• **Exercise aim**
The records are to be copied from the line that contains "Postcard depicting Barrington" through their last line, word for word, with every picture left out.

###

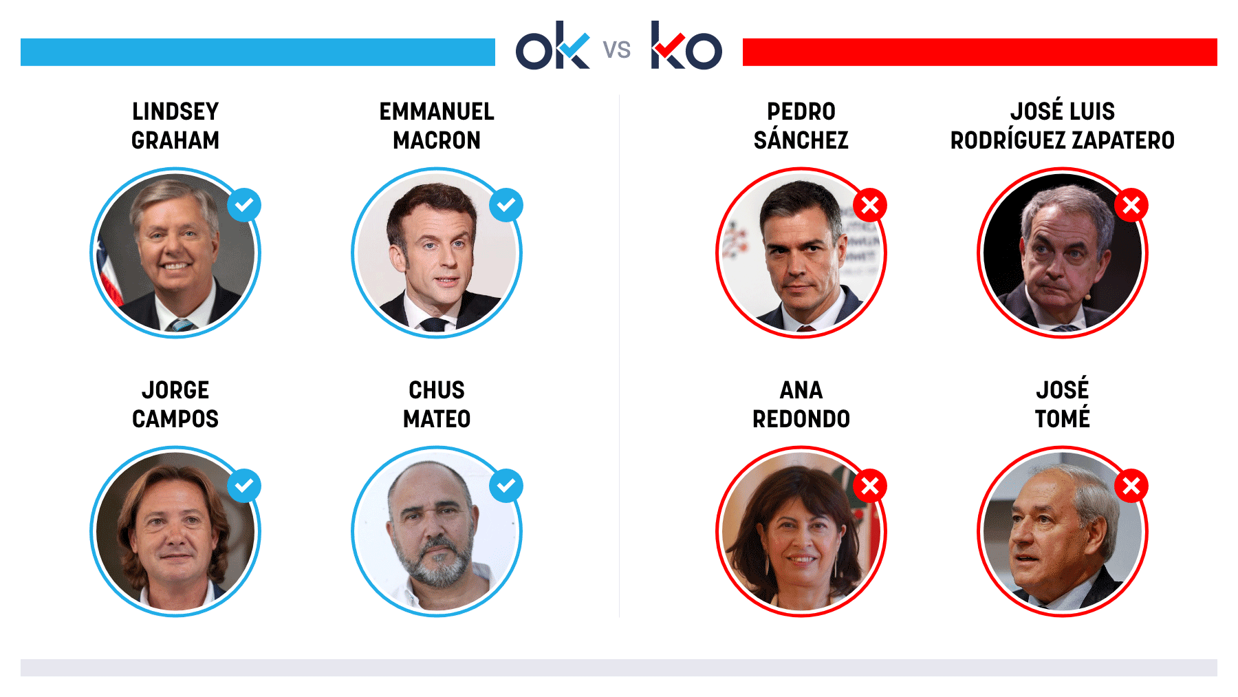 OK: Lindsey Graham Porque este senador de EEUU ha retratado a Sánchez por impedir el uso de las bases a su Ejército: «Ha perdido el rumbo moral». OK: Emmanuel Macron Porque Francia reforzará su arsenal nuclear: «No dudaré en usarlo para proteger nuestros intereses». OK: Jorge Campos Porque denu...
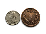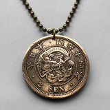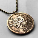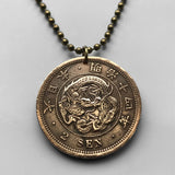 1881 Japan Nippon Nihon 2 Sen coin pendant Japanese Seiryu Watatsumi Yamata Orochi Azure Dragon Tokyo Kobe Osaka Yokohama Fukuoka Kyoto Shinto shrine Samurai era Chiba Kiyomizu-dera Niigata Nagoya Sapporo Nagasaki Saitama Kawasaki Sendai Okinawa n000349
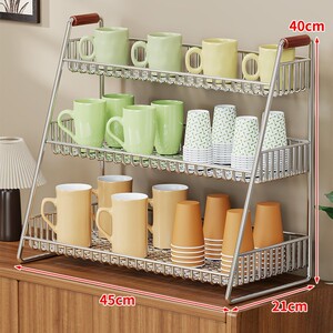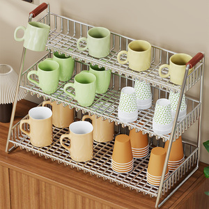 杯架杯子收纳置物架家用双层梯形不锈钢水杯架餐桌桌面茶杯沥水架
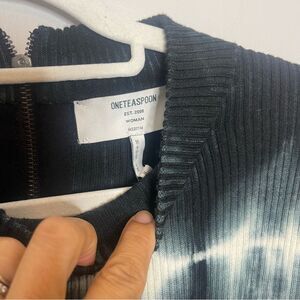 One Teaspoon Black/Blue Tie Dyed Ribbed Long Sleeve Sweatshirt NWOT MEDIUM
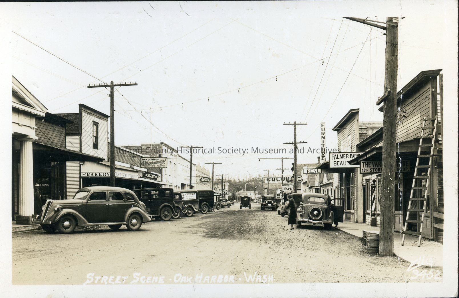 Postcard depicting Barrington Ave in Oak Harbor, c. 1940s. Photo by Ellis.Collection
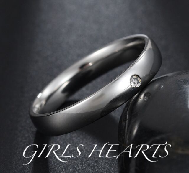 送料無料 13号クロムシルバーワンポイントスーパーCZダイヤモンドサージカルステンレスシンプルラブリング指輪です♪
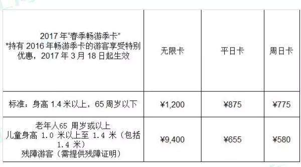 持有当前季卡的游客在续卡时可享受特别优惠。续卡的完整价目如下:
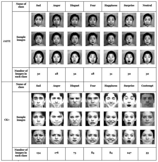 The facial expression recognition research made use of four renowned datasets commonly employed in this field: the Extended Cohn-Kanade (CK+) dataset, the Japanese Female Facial Expressions (JAFFE) dataset, KDEF dataset, and FER dataset. Both fundamental emotion datasets comprised seven categories: anger, disgust, fear, happiness, sadness, and surprise, in addition to neutrality for CK+ and contempt for JAFFE. Table 5 summarizes the dataset description, and Figure 8 shows a sample and number of images in each class.
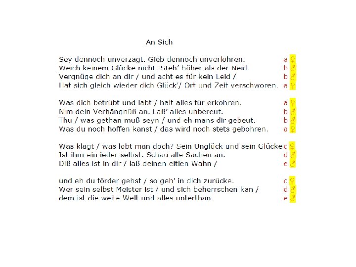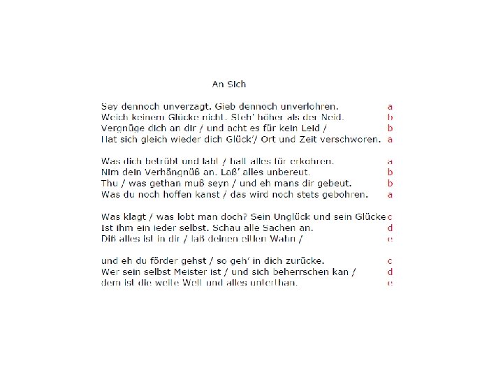 Umarmender Reim: abba Sonett: 14 Zeilen 2 Quartette: abba – abba 2 Terzette: cde – cde (oder: ccd – eed, cdc – dee usw. )

###

• **Output of the exercise**
 Postcard depicting Barrington Ave in Oak Harbor, c. 1940s. Photo by Ellis.Collection
 送料無料 13号クロムシルバーワンポイントスーパーCZダイヤモンドサージカルステンレスシンプルラブリング指輪です♪
 持有当前季卡的游客在续卡时可享受特别优惠。续卡的完整价目如下:
 The facial expression recognition research made use of four renowned datasets commonly employed in this field: the Extended Cohn-Kanade (CK+) dataset, the Japanese Female Facial Expressions (JAFFE) dataset, KDEF dataset, and FER dataset. Both fundamental emotion datasets comprised seven categories: anger, disgust, fear, happiness, sadness, and surprise, in addition to neutrality for CK+ and contempt for JAFFE. Table 5 summarizes the dataset description, and Figure 8 shows a sample and number of images in each class.
 Umarmender Reim: abba Sonett: 14 Zeilen 2 Quartette: abba – abba 2 Terzette: cde – cde (oder: ccd – eed, cdc – dee usw. )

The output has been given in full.